Font relató que llegaron a la conclusión de que una política en seguridad puede considerarse democrática si tiende a reducir la sobrecriminalización y la desprotección. Todo lo contrario, a lo que pasa en la actualidad, cuando, según su visión las políticas de seguridad, sobrecriminalizan y desprotegen a esos sectores de la población.

San Isidro charla debate Derechos humanos y seguridad RAQUEL WITIS

Hay una “elección” de a quienes se criminaliza. El caso de jóvenes de sectores vulnerables, excluidos, estigmatizados por la policía, no están en conflicto con la ley por cuestiones narco u otros delitos; pibes que viven en contexto de violencia y así mueren muchas veces: “homicidios ecológicos” los llama la policía y deja que ocurran.

Font también habló de la tolerancia judicial y política para algunos delitos y no para otros. No es lo mismo si muere tiroteado un automovilista de clase media o alta, que un pibe de los sectores populares por el gatillo fácil policial: “algunos, no pasa nada si se mueren”, la frase es descriptiva del fenómeno.

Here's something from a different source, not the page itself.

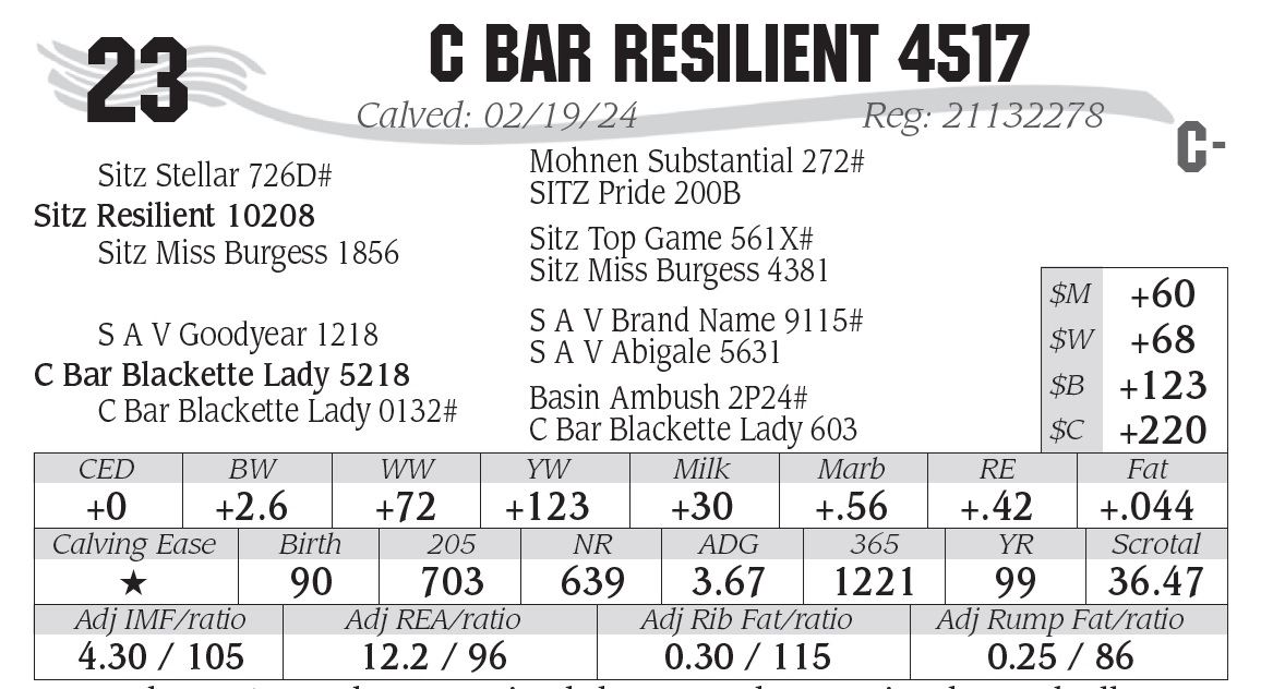 • Goodyear/Brand Name sired dam, moderate sized cow bull

Luego la sobrecriminalización coloca al eslabón más débil de la cadena como si fuera el responsable de todos los males. Así, se habla del rol de la mujer en el tráfico de cocaína cuando solo se mueve en el menudeo, como mula, y el fenómeno delictivo, destaca Font, es esencialmente una cuestión de varones.

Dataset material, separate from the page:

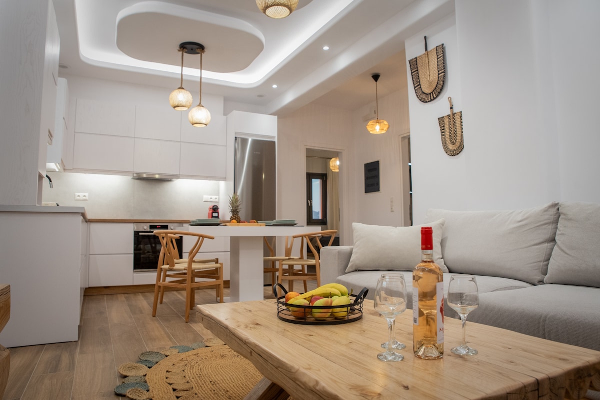 Un apartamento de estética única con un hermoso patio privado y muchos toques artísticos, ubicado en un pintoresco barrio en el corazón de la ciudad de Naxos que puede alojar hasta 5 huéspedes. Situado a 10 minutos a pie del puerto, a 1-2 minutos del mercado y de otros lugares de interés (castillo, museos, etc.) y de entretenimiento (bares, restaurantes, etc.). Si viajas sin coche, no te preocupes; la estación de autobuses más cercana a las playas y pueblos más populares está a 3 minutos a pie. ¡Plaza de aparcamiento gratuita a 3 minutos a pie!

Sin autonomía ni extrapoder

San Isidro charla debate Derechos humanos y seguridad dOMINGUEZ
El fiscal Dominguez: “los presos viven en forma infrazoológica”

Para el fiscal Domínguez, el ministerio público fiscal, los fiscales que deben investigar los delitos, no es autónomo, ni extrapoder y sus intereses “se corresponden con las pretensiones del poder político de turno (…) siguen su línea”. Domínguez también reconoció el rol de la presión mediática en las decisiones de los fiscales.

Domínguez propuso que los fiscales sean independientes de los poderes de turno y de las presiones (como la mediática); desecho el endurecimiento de las penas para bajar los delitos, reconoció que en las cárceles “los presos viven en forma infrazoológica” y exhortó a repensar al Estado como “un gestionador de la conflictividad social”.

 El cierre de las exposiciones, antes de las preguntas del público, estuvo a cargo de Fidel Ruiz. El joven reveló que la experiencia de La Garganta Poderosa y el control policial nacieron por propia necesidad de los habitantes de las villas, como una iniciativa “en defensa propia” y “empezó el 7-9-2013 cuando el gatillo fácil mató a Kevin Venegas”.

Poder popular

Al niño Kevin, de 9 años, lo mataron en medio de una balacera en la que se dispararon 105 tiros, mientras la familia llamaba al 911 y les explicaban que “los agentes no escuchaban que hubiera disparos”. Fidel reveló un concepto que no por básico es ingenuo: “Pensamos en que la seguridad no es un privilegio sino un derecho”.

San Isidro charla debate Derechos humanos y seguridad FIDEL RUIZ

La Poderosa controla a los gendarmes y prefectos que recorren el barrio, les preguntan qué hacen, por qué piden documentos a uno y a otro, a quién o quienes persiguen, por que están parados aquí y no allá. Y también la idea del control empezó cuan do se percataron de que las fuerzas “estaban allí para pegarnos no para protegernos”.

Ruiz evaluó también que la actual política de seguridad es regresiva, y por eso mismo reivindicó más que nunca el control popular de las fuerzas de seguridad, e informó que desde la organización trabajan desde hace tiempo en un proyecto de ley de seguridad, porque “el control policial nace desde la comunidad y debe ser para la comunidad”.